The goal is to obtain a visual picture of how information flows through the block. The leaves will show the values entering the block and as we proceed up the DAG we encounter uses of these values defs (and redefs) of values and uses of the new values.
Formally, this is defined as follows.
live on exit, an officially-mysterious term meaning values possibly used in another block. (Determining the live on exit values requires global, i.e., inter-block, flow analysis.)
As we shall see in the next few sections various basic-block optimizations are facilitated by using the DAG.
As we create nodes for each statement, proceeding in the static order of the statements, we might notice that a new node is just like one already in the DAG in which case we don't need a new node and can use the old node to compute the new value in addition to the one it already was computing.
Specifically, we do not construct a new node if an existing node has the same children in the same order and is labeled with the same operation.
Consider computing the DAG for the following block of code.
a = b + c c = a + x d = b + c b = a + x
The DAG construction is explain as follows (the movie on the right accompanies the explanation).
You might think that with only three computation nodes in the DAG,
the block could be reduced to three statements (dropping the
computation of b).
However, this is wrong.
Only if b is dead on exit can we omit the computation of b.
We can, however, replace the last statement with the simpler
b = c.
Sometimes a combination of techniques finds improvements that no
single technique would find.
For example if a-b is computed, then both a and b are incremented by
one, and then a-b is computed again, it will not be recognized as a
common subexpression even though the value has not changed.
However, when combined with various algebraic transformations, the
common value can be recognized.
Assume we are told (by global flow analysis) that certain values are dead on exit. We examine each root (node with no ancestor) and delete any that have no live variables attached. This process is repeated since new roots may have appeared.
For example, if we are told, for the picture on the right, that only a and b are live, then the root d can be removed since d is dead. Then the rightmost node becomes a root, which also can be removed (since c is dead).
Some of these are quite clear. We can of course replace x+0 or 0+x by simply x. Similar considerations apply to 1*x, x*1, x-0, and x/1.
Another class of simplifications is strength reduction, where we replace one operation by a cheaper one. A simple example is replacing 2*x by x+x on architectures where addition is cheaper than multiplication.
A more sophisticated strength reduction is applied by compilers that
recognize induction variables
(loop indices).
Inside a
for i from 1 to N
loop, the expression 4*i can be strength reduced to j=j+4 and 2^i
can be strength reduced to j=2*j (with suitable initializations of j
just before the loop).
Other uses of algebraic identities are possible; many require a
careful reading of the language reference manual to ensure their
legality.
For example, even though it might be advantageous to convert
((a + b) * f(x)) * a
to
((a + b) * a) * f(x)
it is illegal in Fortran since the programmer's use of parentheses
to specify the order of operations can not be violated.
Does
a = b + c x = y + c + b + rcontain a common subexpression of b+c that need be evaluated only once?
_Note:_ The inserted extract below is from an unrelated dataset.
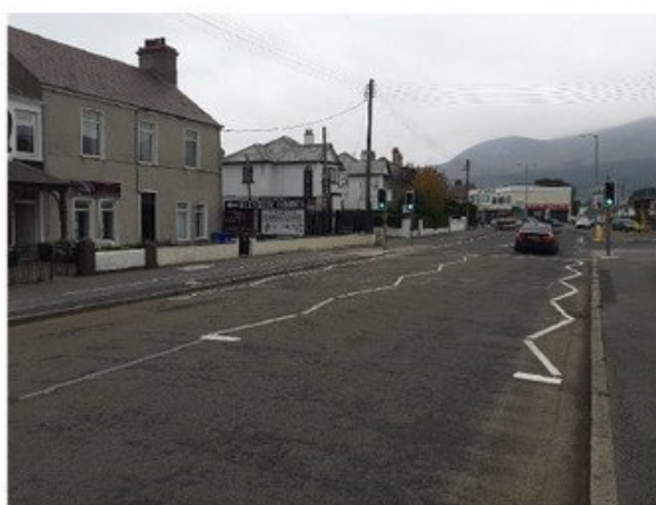
A2 Dundrum Road, Newcastle
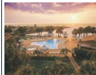
Clearwater Beach, FL

Arrays are tricky. Question: Does
x = a[i] a[j] = 3 z = a[i]contain a common subexpression of a[i] that need be evaluated only once?
A statement of the form x = a[i] generates a node labeled with the operator =[] and the variable x, and having children a0, the initial value of a, and the value of i.
A statement of the form a[j] = y generates a node labeled with operator []= and three children a0. j, and y, but with no variable as label. The new feature is that this node kills all existing nodes depending on a0. A killed node can not received any future labels so cannot becomew a common subexpression.
Returning to our example
x = a[i] a[j] = 3 z = a[i]
We obtain the top figure to the right.
Sometimes it is not children but grandchildren (or other descendant) that are arrays. For example we might have
b = a + 8 // b[i] is 8 bytes past a[i] x = b[i] b[j] = yAgain we need to have the third statement kill the second node even though it is caused by a grandchild. This is shown in the bottom figure.
Pointers are even trickier than arrays.
Together they have spawned a mini-industry in disambiguation
,
i.e., when can we tell whether two array or pointer references refer
to the same or different locations.
A trivial case of disambiguation occurs with.
p = &x *p = yIn this case we know precisely the value of p so the second statement kills only nodes with x attached.
With no disambiguation information, we must assume that a pointer can refer to any location. Consider
x = *p *q = y
We must treat the first statement as a use of every variable; pictorially the =* operator takes all current nodes with identifiers as arguments. This impacts dead code elimination.
We must treat the second statement as writing every variable. That is all existing nodes are killed, which impacts common subexpression elimination.
In our basic-block level approach, a procedure call has properties similar to a pointer reference: For all x in the scope of P, we must treat a call of P as using all nodes with x attached and also kills those same nodes.
Now that we have improved the DAG for a basic block, we need to regenerate the quads. That is, we need to obtain the sequence of quads corresponding to the new DAG.
We need to construct a quad for every node that has a variable attached. If there are several variables attached we chose a live-on-exit variable, assuming we have done the necessary global flow analysis to determine such variables).
If there are several live-on-exit variables we need to compute one and make a copy so that we have both. An optimization pass may eliminate the copy if it is able to assure that one such variable may be used whenever the other is referenced.
Recall the example from our movie
a = b + c c = a + x d = b + c b = a + x
If b is dead on exit, the first three instructions suffice. If not we produce instead
a = b + c c = a + x d = b + c b = cwhich is still an improvement as the copy instruction is less expensive than the addition on most architectures.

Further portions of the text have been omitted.